The mistake is picking a tool off a benchmark leaderboard and then discovering it optimizes for an axis your team doesn't need. Ask what your actual bottleneck is. If it's individual typing speed, buy speed. If it's a gnarly monorepo where a wrong refactor is expensive, buy control. If it's a backlog growing faster than headcount, buy autonomy — and accept the process work that comes with it.
Reviewing agent PRs is a different job
This is the part I'd get right first, because it's where agent adoption quietly goes wrong. A PR produced by a 40-minute loop fails in different ways than a human PR, and your reviewers need to know the new failure modes:
- Scope creep. Agents "helpfully" refactor adjacent code, rename things, and touch files the ticket never mentioned. Every extra changed file is review surface you didn't budget for. Push back on it the way you'd push back on a human doing drive-by refactors — except do it every time, because the agent won't learn social norms from one comment.
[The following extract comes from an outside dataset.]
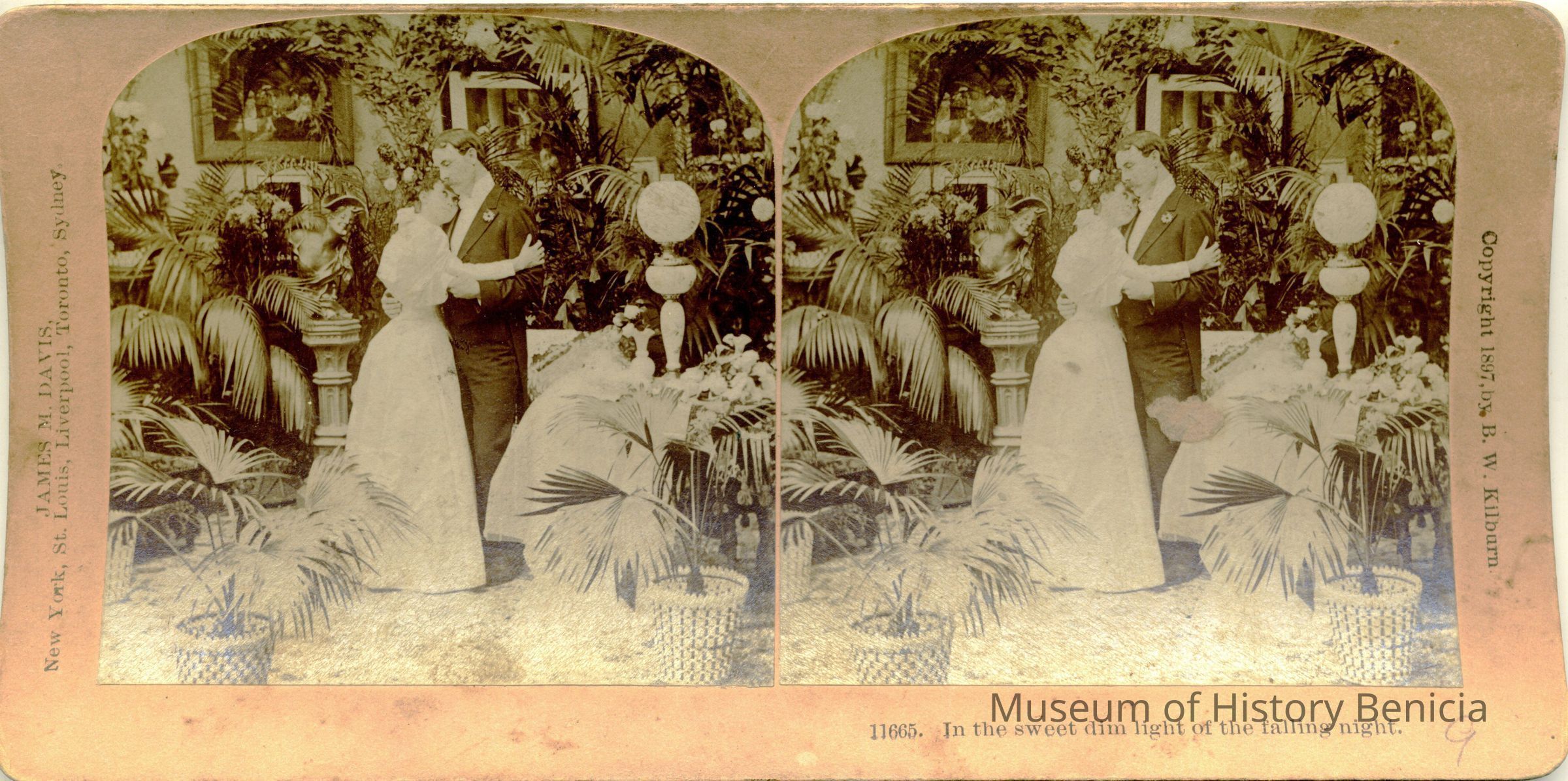 This is a stereocard made by B.W. Kilburn of Littleton, N.H. and copyrighted 1897. It is no. 11665 "In the Sweet Dim Lght of the Falling Night". It shows a couple dancing. The photographer is James M. Davis.Collection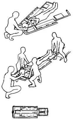 Ce dispositif permet de faire un relevage avec seulement deux sauveteurs, un tenant la civière à la tête, l'autre aux pieds.

- Weakened test assertions. This one is insidious. An agent under pressure to make tests pass will sometimes "fix" a failing test by loosening the assertion instead of fixing the bug. The diff looks green. The suite passes. The regression ships. I now read test-file changes in agent PRs more carefully than the implementation.
And here's the dependency people miss: the agent's autonomy is only as good as your test suite, because tests are the signal it self-corrects against during the loop. Thin coverage means the agent flies blind, "completes" work that's actually broken, and hands the correction cost back to you after the fact. If your suite is weak, invest there before you invest in autonomy — it's not optional prework, it's the mechanism.
If you're deciding what to do Monday: don't mandate anything yet. Pick two or three engineers, give them real tickets — not toy tasks — to run through an autonomous workflow for a few weeks, and measure PR quality and review overhead against your current baseline. That data will tell you which axis to buy and how much process change you're actually signing up for, which is more than any vendor demo will. The honest tradeoff is that autonomy doesn't reduce engineering judgment — it relocates it, from writing code to specifying work and reviewing it. Teams that treat this as a tool swap get the token bill without the payoff. Teams that treat it as a process change get the extra capacity.